MegaPRS requires a Reference Panel, which is used to calculate predictor-predictor correlations and to test different prior distributions. If you are generating pseudo summaries (which also requires a reference panel), then you must use different reference panel samples for each step. Therefore, if you have only one reference panel, we suggest you divide its samples into three, then use one third to generate pseudo summary statistics, one third to calculate predictor-predictor correlations, and one third to test prior distributions.

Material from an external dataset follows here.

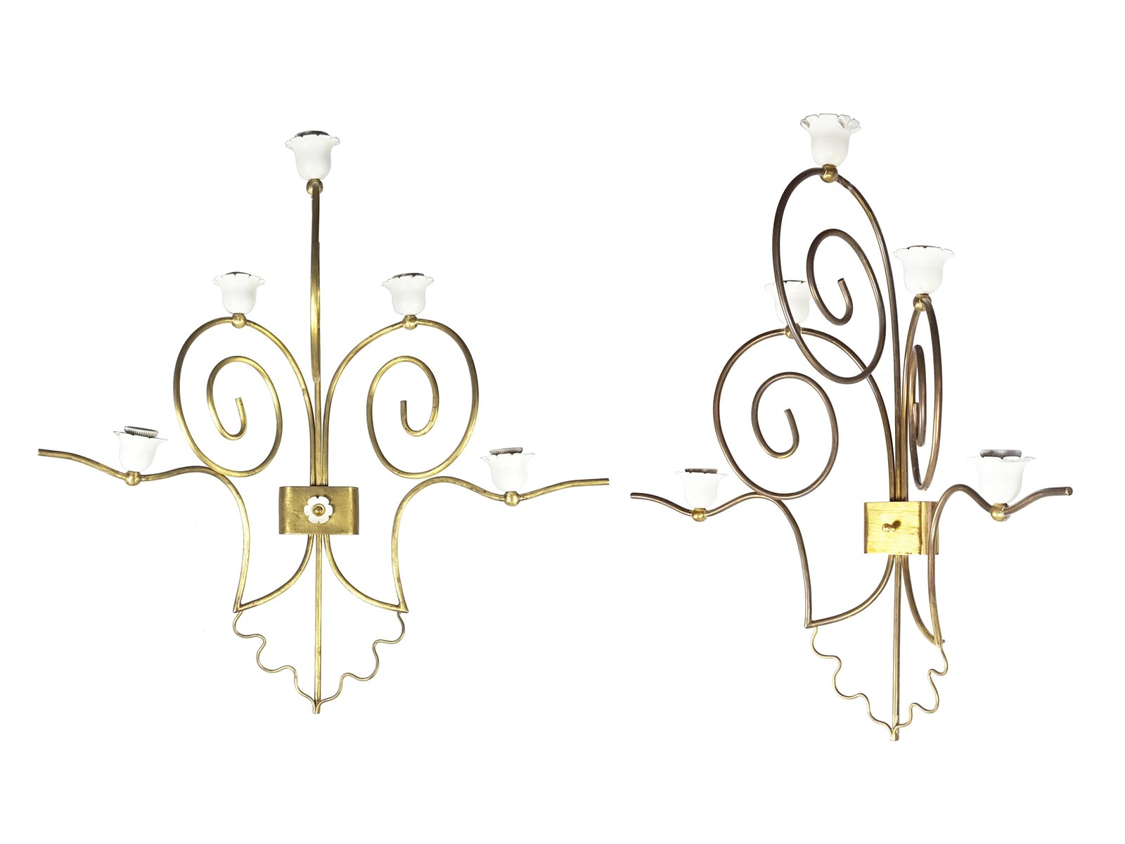 Mid-Century Italian Sconces in White Metal and Brass, Set of 2

If you are not using pseudo summaries, then it is fine to use all reference panel samples both when calculating predictor-predictor correlations and testing prior distributions.

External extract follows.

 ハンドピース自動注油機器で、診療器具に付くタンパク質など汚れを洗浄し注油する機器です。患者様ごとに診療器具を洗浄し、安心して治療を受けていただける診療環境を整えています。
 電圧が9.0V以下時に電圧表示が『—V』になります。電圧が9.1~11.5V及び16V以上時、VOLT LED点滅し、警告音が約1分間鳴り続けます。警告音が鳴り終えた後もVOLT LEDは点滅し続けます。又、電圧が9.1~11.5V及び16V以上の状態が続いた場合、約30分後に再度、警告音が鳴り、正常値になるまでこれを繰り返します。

Always read the screen output, which suggests arguments and estimates memory usage.

_ _ _ _ _ _ _ _ _ _ _ _ _ _ _ _ _ _ _ _ _ _ _ _ _ _ _ _ _ _ _ _ _ _ _ _ _ _ _ _ _ _ _ _ _ _

**Calculate predictor-predictor correlations:**

The main argument is --calc-cors <outfile>.

This requires the options

--bfile/--gen/--sp/--speed <datastem> - to specify the genetic data files (see File Formats).

--window-cm <float> - to specify the window size (LDAK will only compute correlations for predictions within this distance). It generally suffices to use 3cM. If the genetic data files do not contain genetic distances, an approximate solution is to instead use --window-kb 3000.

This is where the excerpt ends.